## DIRECTIONS FOR THIS TASK
The entries below contain pictures. Write out only the lines from the line with "Matkalla Tasa-arvovaltuutetun toimistolle" up to and including the line with "Fig. 21. Statue", exactly, without them.

[Saved entries]
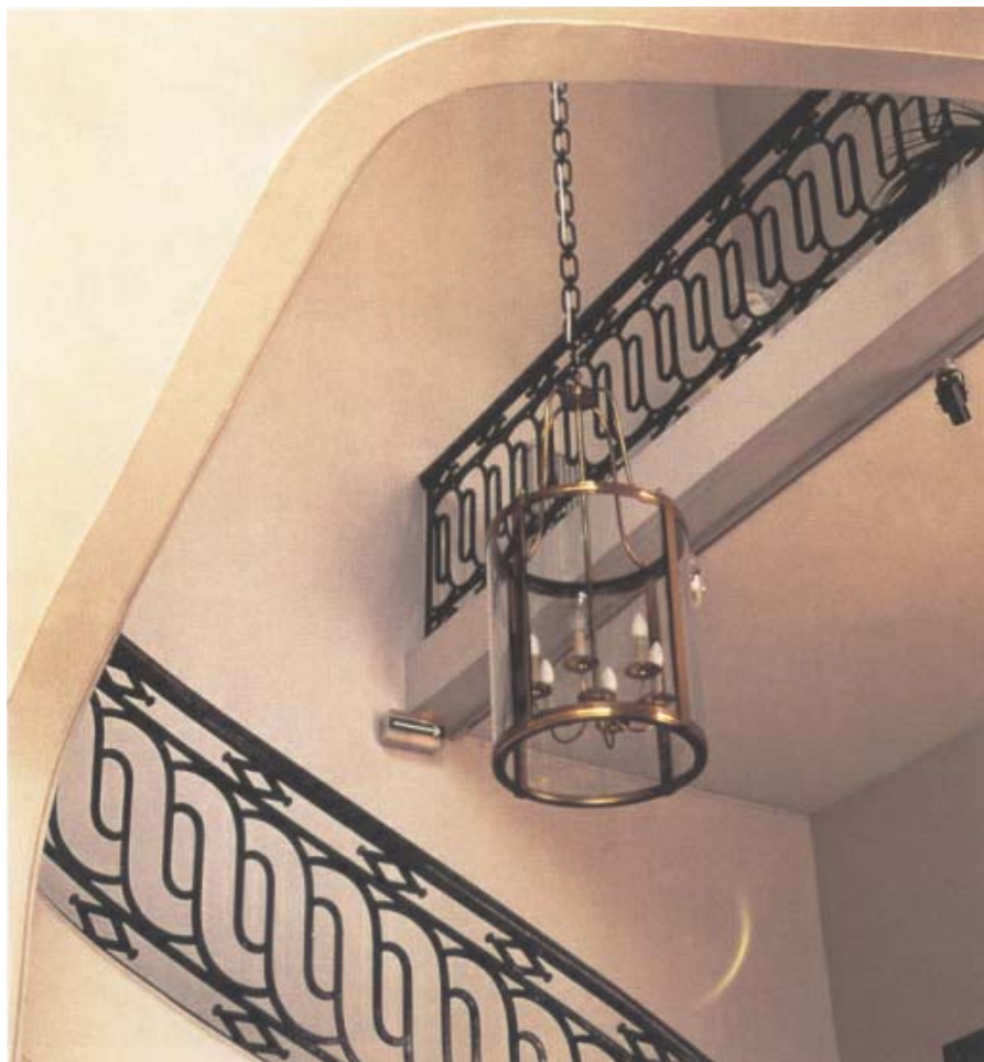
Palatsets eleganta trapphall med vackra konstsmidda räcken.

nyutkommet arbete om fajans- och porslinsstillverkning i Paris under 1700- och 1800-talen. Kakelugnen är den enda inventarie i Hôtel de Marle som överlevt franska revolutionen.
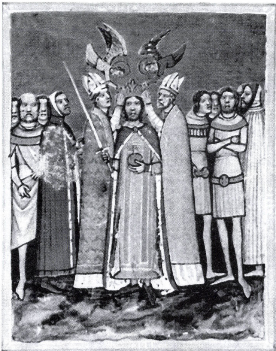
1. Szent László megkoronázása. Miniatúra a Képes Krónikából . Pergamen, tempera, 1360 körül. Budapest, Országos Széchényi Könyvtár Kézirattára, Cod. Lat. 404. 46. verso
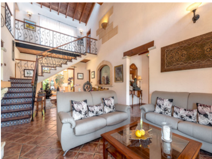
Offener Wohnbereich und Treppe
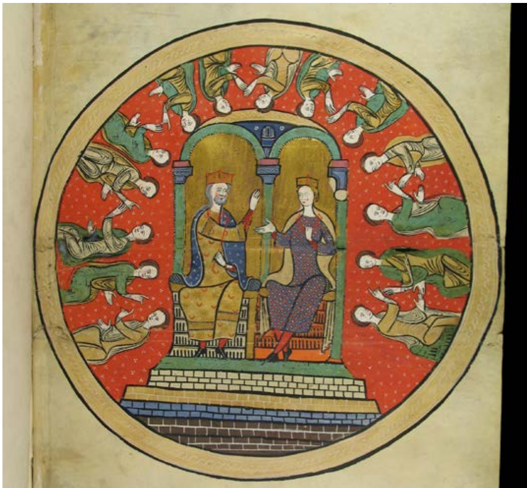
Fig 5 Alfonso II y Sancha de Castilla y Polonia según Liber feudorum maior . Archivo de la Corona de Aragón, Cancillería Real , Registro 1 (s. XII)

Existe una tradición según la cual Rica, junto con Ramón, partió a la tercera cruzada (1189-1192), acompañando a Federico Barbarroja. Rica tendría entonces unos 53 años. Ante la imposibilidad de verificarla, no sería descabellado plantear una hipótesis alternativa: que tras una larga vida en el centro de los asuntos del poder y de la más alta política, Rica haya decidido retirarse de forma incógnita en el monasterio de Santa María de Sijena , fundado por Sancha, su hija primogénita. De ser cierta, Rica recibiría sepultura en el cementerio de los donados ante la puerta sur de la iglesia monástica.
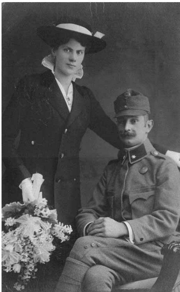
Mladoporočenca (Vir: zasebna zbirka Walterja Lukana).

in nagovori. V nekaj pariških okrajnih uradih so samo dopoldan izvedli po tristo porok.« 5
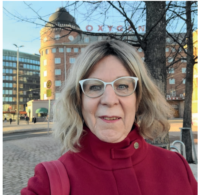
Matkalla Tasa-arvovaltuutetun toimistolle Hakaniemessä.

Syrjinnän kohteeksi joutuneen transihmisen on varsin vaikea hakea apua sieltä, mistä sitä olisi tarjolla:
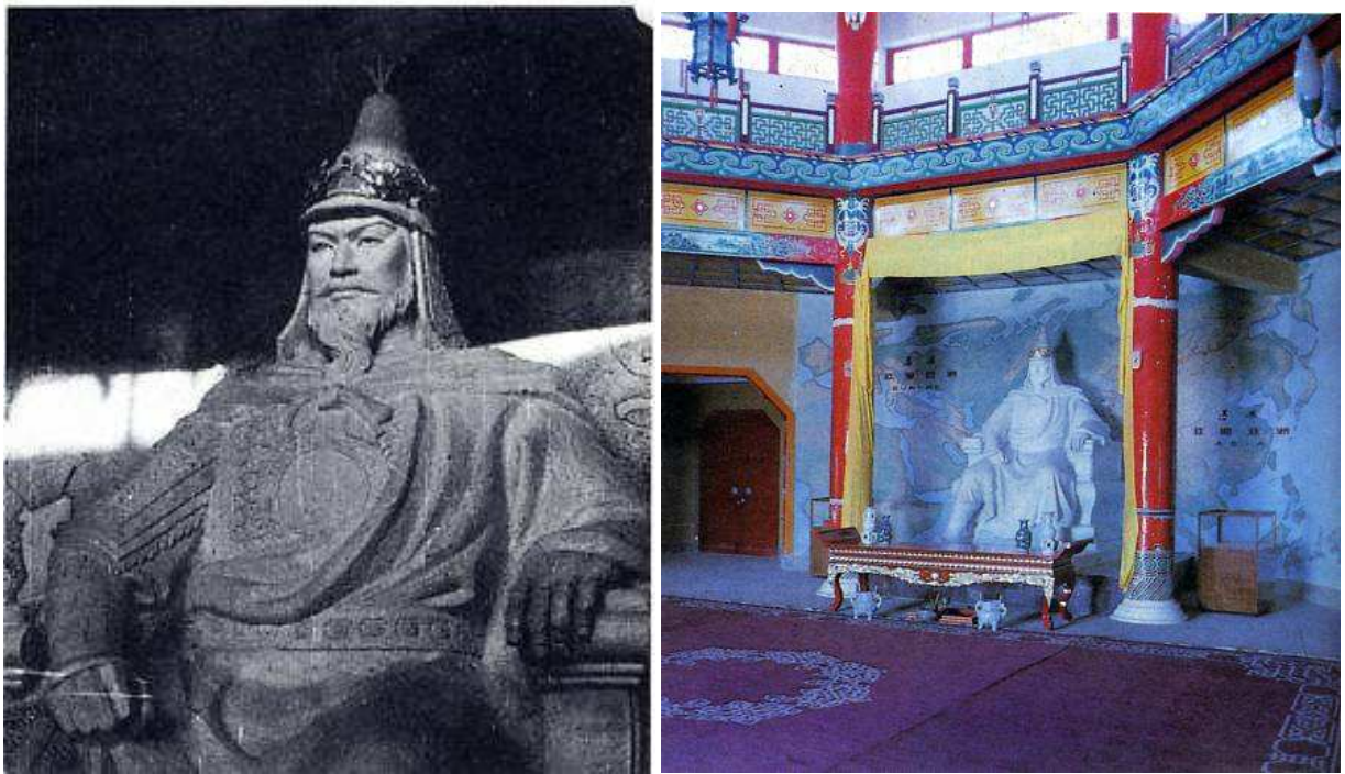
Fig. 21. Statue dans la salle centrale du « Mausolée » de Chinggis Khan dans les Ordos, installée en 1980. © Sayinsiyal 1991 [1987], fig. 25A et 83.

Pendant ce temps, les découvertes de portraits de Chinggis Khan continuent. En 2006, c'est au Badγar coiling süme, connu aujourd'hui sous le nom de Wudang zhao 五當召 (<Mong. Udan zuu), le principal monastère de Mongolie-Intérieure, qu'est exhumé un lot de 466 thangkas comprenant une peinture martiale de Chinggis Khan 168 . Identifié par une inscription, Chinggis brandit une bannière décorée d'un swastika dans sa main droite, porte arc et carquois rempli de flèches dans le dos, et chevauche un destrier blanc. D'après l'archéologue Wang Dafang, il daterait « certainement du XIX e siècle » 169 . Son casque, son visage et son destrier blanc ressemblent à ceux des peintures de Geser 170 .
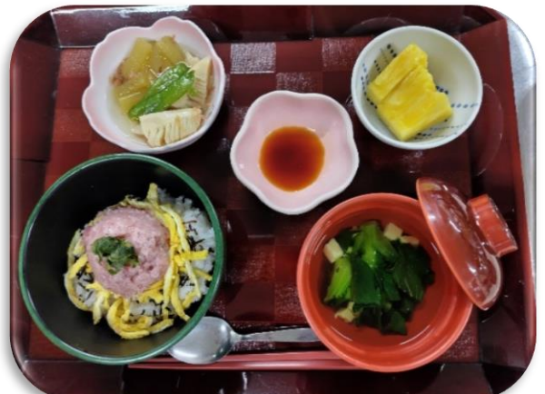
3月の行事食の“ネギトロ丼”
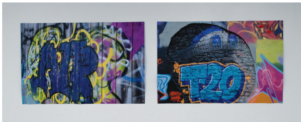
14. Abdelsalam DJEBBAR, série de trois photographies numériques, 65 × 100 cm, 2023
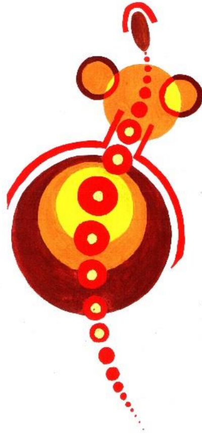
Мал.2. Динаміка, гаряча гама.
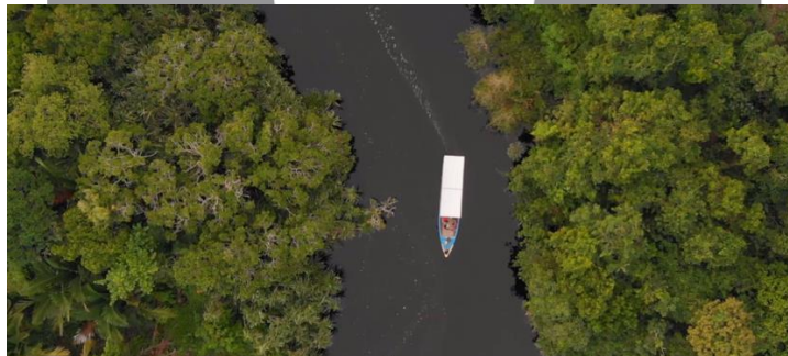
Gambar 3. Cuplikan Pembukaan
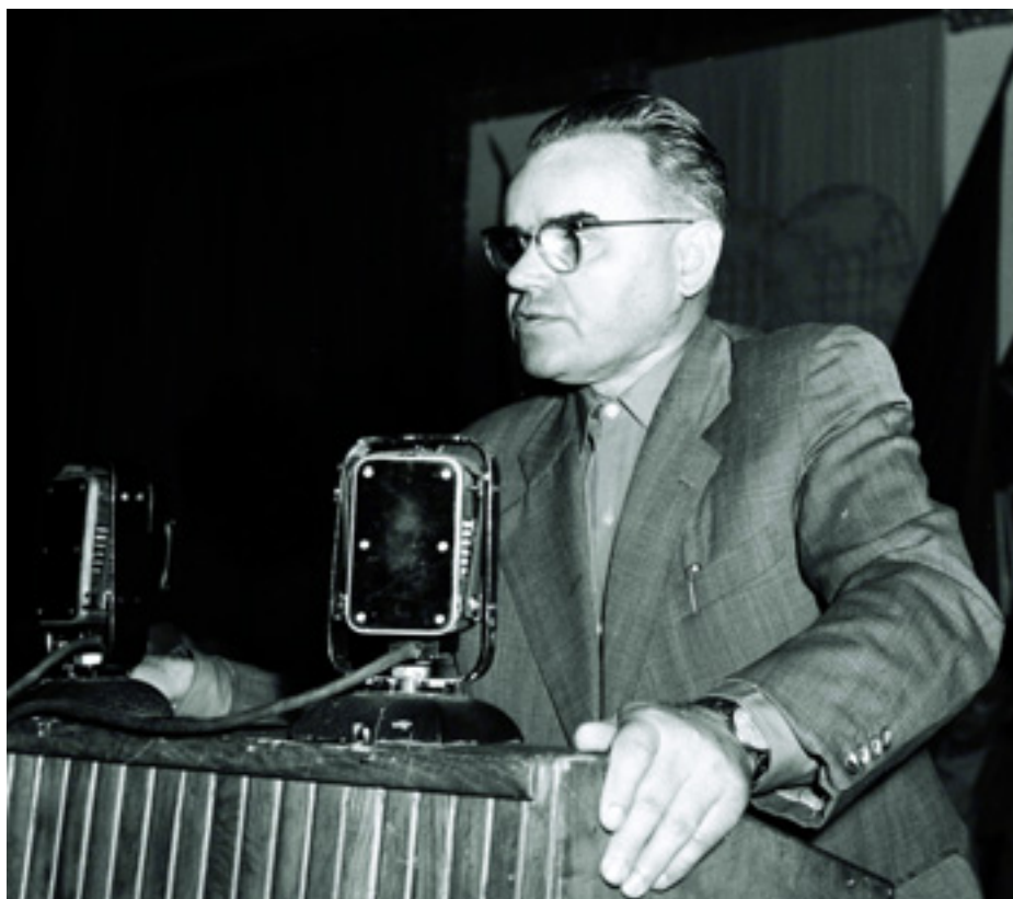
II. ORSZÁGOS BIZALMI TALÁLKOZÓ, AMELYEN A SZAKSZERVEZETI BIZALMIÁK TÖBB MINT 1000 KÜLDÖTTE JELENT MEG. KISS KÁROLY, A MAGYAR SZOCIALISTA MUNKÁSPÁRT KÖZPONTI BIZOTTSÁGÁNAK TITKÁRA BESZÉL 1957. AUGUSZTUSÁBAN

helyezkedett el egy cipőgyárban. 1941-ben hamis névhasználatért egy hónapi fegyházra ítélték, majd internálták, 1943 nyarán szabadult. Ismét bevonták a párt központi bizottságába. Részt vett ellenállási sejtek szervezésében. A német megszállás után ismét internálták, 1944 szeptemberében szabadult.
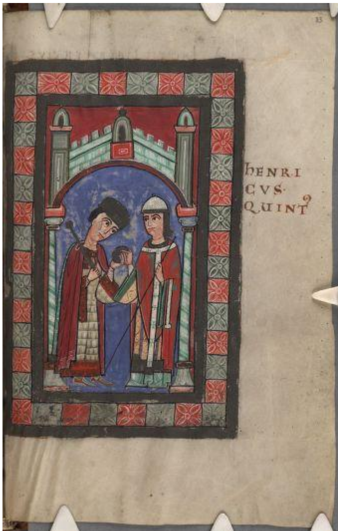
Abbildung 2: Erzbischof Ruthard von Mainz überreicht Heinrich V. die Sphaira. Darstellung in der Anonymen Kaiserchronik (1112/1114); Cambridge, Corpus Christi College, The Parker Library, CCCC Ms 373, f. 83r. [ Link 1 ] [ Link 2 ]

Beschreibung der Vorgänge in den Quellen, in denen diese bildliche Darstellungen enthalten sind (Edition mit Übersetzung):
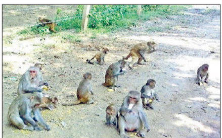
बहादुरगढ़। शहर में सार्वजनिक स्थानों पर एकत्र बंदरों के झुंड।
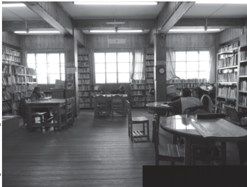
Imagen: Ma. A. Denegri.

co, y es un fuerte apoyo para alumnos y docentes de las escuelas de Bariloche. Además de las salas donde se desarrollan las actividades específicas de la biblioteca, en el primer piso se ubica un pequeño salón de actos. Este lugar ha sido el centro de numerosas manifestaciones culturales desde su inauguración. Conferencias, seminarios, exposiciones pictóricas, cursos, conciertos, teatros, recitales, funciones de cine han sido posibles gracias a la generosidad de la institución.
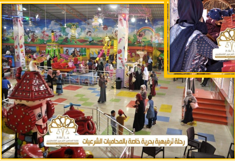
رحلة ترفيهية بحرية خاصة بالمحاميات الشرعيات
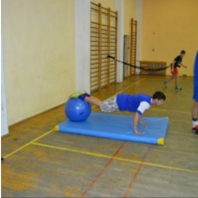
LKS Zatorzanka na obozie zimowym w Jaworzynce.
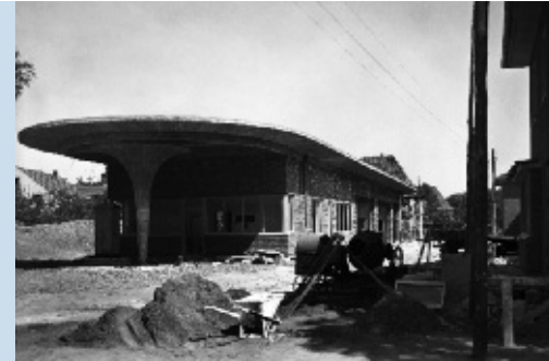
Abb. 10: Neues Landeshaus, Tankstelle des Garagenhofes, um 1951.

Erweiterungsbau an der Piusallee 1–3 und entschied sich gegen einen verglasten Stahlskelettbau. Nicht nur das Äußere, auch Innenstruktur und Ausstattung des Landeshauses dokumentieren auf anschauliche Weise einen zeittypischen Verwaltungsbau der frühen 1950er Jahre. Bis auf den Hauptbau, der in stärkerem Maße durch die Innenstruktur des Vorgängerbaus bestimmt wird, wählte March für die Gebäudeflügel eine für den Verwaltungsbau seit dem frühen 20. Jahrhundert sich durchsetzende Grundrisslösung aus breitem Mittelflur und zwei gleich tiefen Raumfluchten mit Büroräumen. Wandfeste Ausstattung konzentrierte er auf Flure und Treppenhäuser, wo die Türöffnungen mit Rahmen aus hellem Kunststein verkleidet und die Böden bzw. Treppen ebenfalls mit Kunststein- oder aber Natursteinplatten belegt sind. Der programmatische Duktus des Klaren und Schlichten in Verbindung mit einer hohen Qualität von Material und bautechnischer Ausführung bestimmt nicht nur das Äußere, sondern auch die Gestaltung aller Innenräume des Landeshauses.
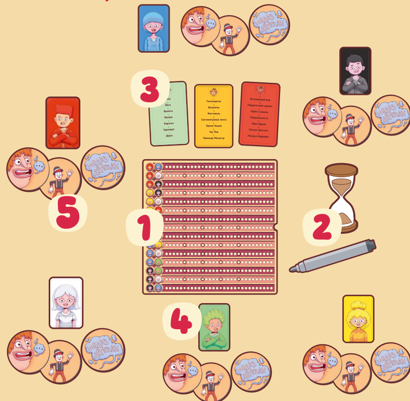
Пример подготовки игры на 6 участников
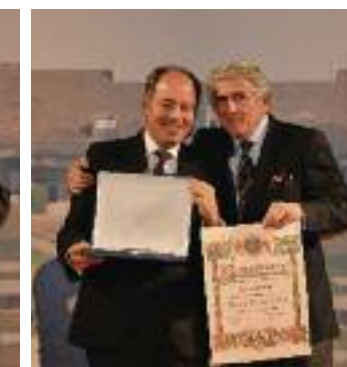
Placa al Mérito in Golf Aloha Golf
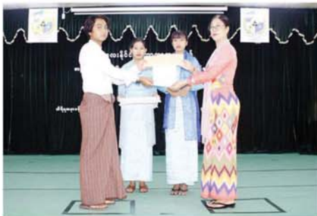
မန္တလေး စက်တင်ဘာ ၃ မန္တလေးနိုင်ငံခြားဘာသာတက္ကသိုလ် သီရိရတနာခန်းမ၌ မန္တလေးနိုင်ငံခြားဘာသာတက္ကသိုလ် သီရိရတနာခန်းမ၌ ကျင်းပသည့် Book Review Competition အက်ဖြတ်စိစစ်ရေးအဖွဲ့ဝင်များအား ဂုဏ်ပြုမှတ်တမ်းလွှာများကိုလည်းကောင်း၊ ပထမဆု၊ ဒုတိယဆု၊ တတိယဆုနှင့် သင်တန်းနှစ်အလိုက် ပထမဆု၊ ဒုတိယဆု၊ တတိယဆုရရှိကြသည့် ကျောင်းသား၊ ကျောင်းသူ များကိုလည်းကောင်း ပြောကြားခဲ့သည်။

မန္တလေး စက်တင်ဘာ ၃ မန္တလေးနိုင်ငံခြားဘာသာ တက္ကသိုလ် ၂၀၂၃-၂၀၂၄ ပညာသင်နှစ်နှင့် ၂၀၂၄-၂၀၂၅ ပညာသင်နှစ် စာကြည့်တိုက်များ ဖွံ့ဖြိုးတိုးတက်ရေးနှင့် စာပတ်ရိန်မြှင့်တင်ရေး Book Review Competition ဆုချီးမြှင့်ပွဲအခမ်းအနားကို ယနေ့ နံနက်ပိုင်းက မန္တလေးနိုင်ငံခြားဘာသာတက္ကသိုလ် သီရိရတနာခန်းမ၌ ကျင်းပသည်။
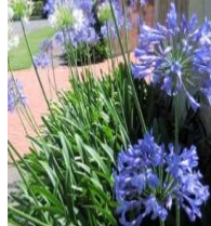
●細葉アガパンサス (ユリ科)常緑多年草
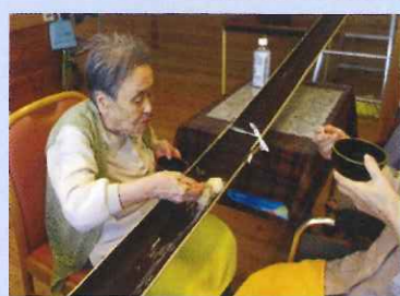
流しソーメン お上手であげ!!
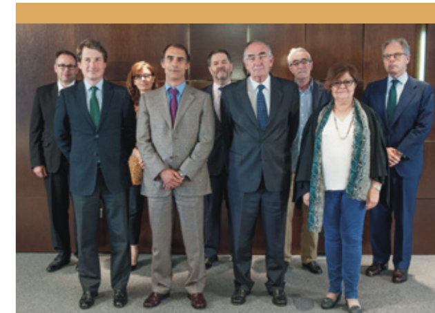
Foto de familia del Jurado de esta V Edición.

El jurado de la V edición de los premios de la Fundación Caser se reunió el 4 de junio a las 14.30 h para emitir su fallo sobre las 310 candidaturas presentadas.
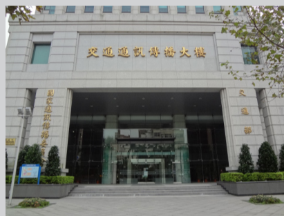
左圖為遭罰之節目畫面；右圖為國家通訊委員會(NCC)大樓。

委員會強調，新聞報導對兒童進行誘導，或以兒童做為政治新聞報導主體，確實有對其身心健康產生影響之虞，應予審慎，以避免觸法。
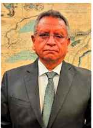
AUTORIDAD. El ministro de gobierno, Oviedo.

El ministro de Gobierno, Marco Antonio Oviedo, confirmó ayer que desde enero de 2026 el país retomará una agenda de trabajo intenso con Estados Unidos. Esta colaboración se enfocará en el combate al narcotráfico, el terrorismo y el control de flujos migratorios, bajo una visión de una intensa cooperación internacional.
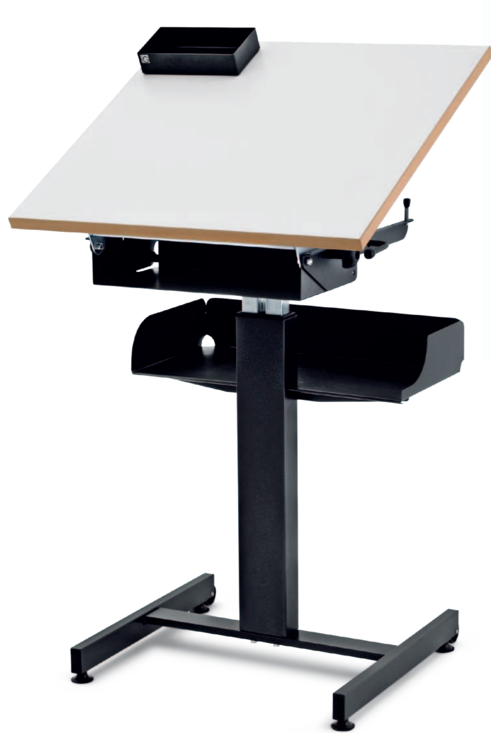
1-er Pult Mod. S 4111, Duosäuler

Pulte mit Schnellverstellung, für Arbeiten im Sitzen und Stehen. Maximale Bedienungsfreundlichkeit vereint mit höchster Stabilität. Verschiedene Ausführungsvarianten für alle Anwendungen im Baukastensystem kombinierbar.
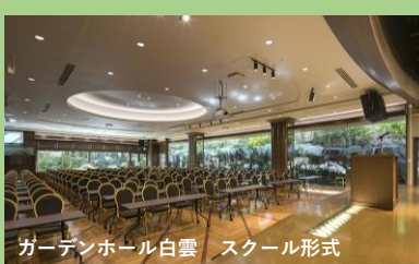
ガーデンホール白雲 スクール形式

## ANSWER TO THIS TASK
Matkalla Tasa-arvovaltuutetun toimistolle Hakaniemessä.

Syrjinnän kohteeksi joutuneen transihmisen on varsin vaikea hakea apua sieltä, mistä sitä olisi tarjolla:
Fig. 21. Statue dans la salle centrale du « Mausolée » de Chinggis Khan dans les Ordos, installée en 1980. © Sayinsiyal 1991 [1987], fig. 25A et 83.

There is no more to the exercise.